I was at work or I was asleep or I just wasn't there because of some other distraction. I probably relished the opportunity to do something else - something forgettable.

So I couldn't judge that lady. I knew where she was in that moment. She was at the airport, traveling with a kid, managing their belongings, narrowly avoiding the loss of her purse, double and triple checking everything.

I got it. I understood.

But from where I sat it made my heart ache. That little sliver of pride I felt for that random little girl, just because she overcame the precision engineering of a yogurt cup, made me contemplate all of the little accomplishments that I missed or didn't notice because my head was not in it.

Now I see that little kid in the picture up there. Her jeans are kind of short because kids grow out of things. They grow while you're not looking. They grow while you're not thinking.

I see that kid in the picture and I just melt.

I know the blog is called "The Calm Voice of Rage" and I think that represents me about as well as any 5 word phrase can, but if there's anything in the world that effortlessly vanquishes my most envenomated bouts of cynicism - it's children.

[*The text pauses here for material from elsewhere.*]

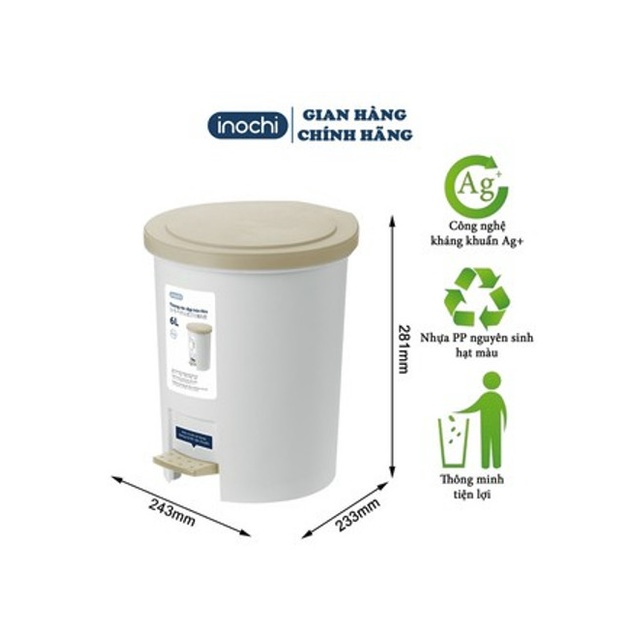 - Phân Loại: Thùng Rác Đạp Chân Nắp Tròn Inochi Cao Cấp, Thùng Đựng Rác Văn Phòng Gia Đình Nắp TrònThùng rác đạp tròn Hiro 6L

Loving our children is the most important thing any of us will ever do.

I hate how cliche it sounds, but honestly, if we succeed at everything else and fail to love our children, we accomplish absolutely nothing. If we fail at every endeavor, excepting the one to release kind, decent, thoughtful people who know they're loved into the world, we can die fulfilled.

In the battle of good over evil it is the single most important variable.

I can't go back and recapture every moment of yogurt victory and I can't rewrite every mistake I made as a young dad. All I can do is forge ahead, embrace the fantastic young women in my life and try not to be distracted by my metaphorical purse. 

It is my admittedly trite and sanctimonious recommendation that all parents, old and new,  do the same.